Exercise objective: The lines from the one containing "Η εγκοπή στο" through the last line below, both ends included, must be reproduced exactly, with no pictures.

Collected material:
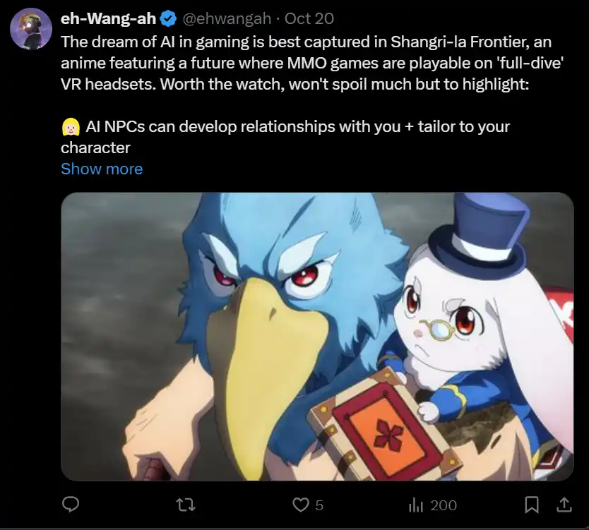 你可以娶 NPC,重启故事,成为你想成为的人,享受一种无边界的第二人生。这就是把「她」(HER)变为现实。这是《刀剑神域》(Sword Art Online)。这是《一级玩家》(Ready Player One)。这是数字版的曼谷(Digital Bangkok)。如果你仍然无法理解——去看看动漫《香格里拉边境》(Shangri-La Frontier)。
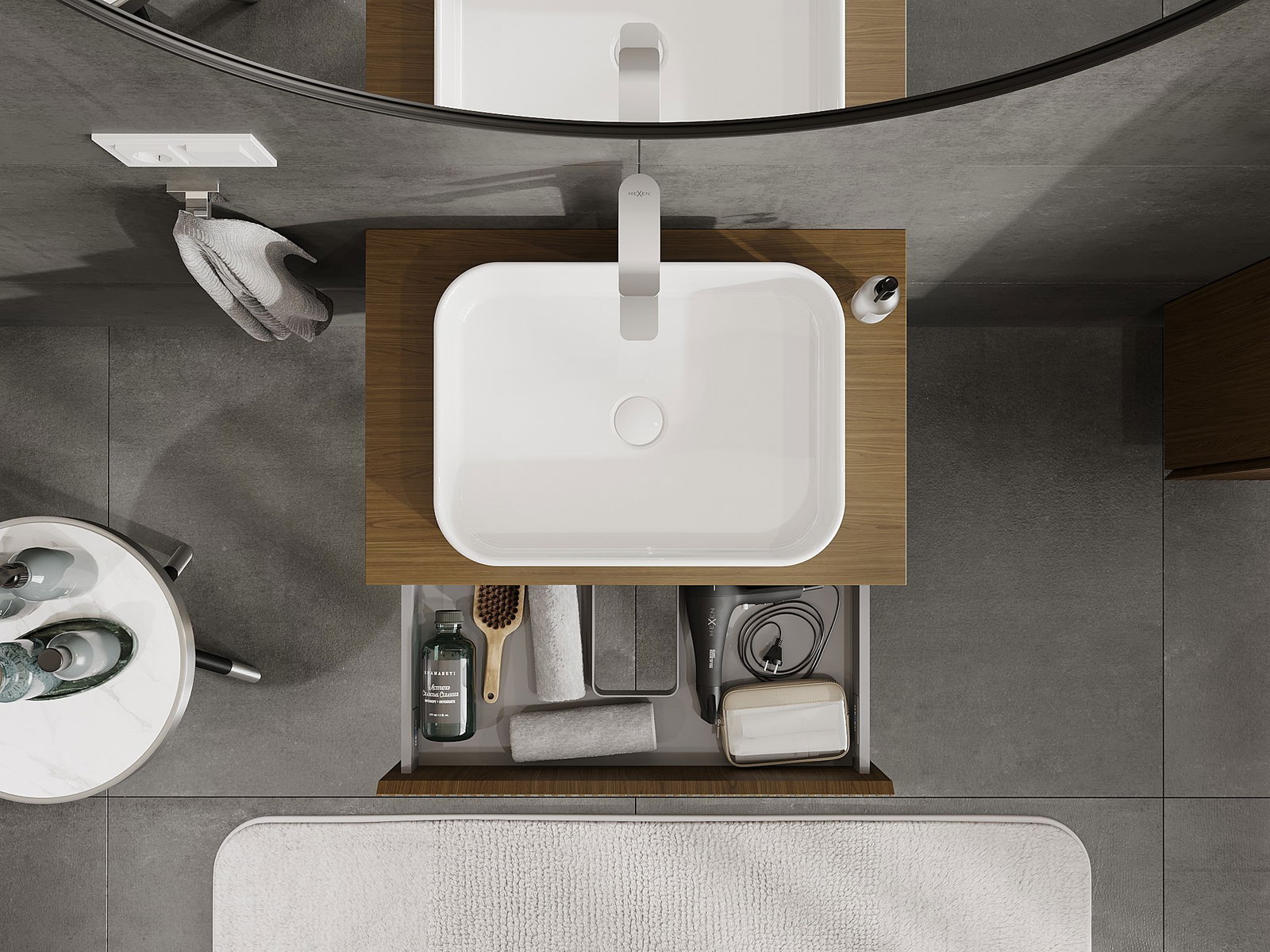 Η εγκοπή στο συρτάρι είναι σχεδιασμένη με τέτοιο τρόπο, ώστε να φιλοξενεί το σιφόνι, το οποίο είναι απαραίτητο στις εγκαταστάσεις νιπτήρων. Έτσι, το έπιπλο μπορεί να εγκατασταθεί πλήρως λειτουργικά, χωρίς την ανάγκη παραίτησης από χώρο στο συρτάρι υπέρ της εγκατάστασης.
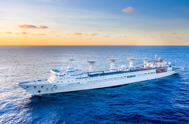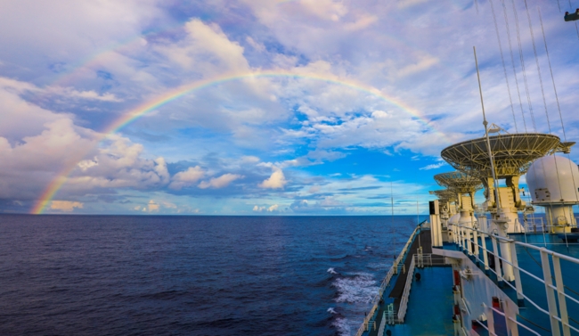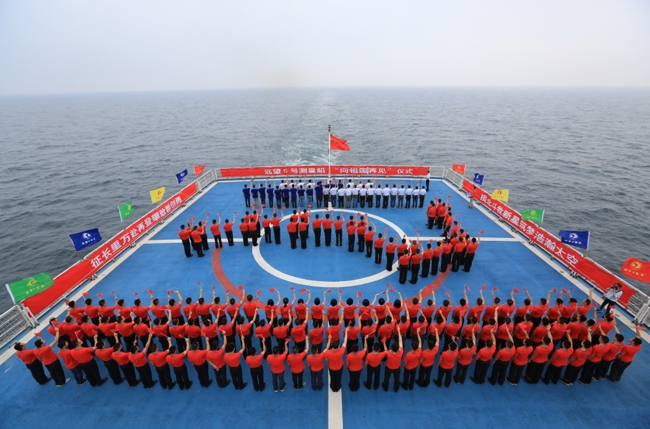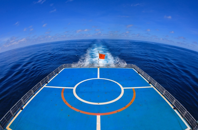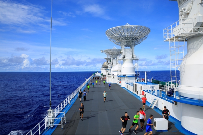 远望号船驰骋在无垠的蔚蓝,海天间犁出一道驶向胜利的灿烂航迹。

Answer area:
 Η εγκοπή στο συρτάρι είναι σχεδιασμένη με τέτοιο τρόπο, ώστε να φιλοξενεί το σιφόνι, το οποίο είναι απαραίτητο στις εγκαταστάσεις νιπτήρων. Έτσι, το έπιπλο μπορεί να εγκατασταθεί πλήρως λειτουργικά, χωρίς την ανάγκη παραίτησης από χώρο στο συρτάρι υπέρ της εγκατάστασης.
 远望号船驰骋在无垠的蔚蓝,海天间犁出一道驶向胜利的灿烂航迹。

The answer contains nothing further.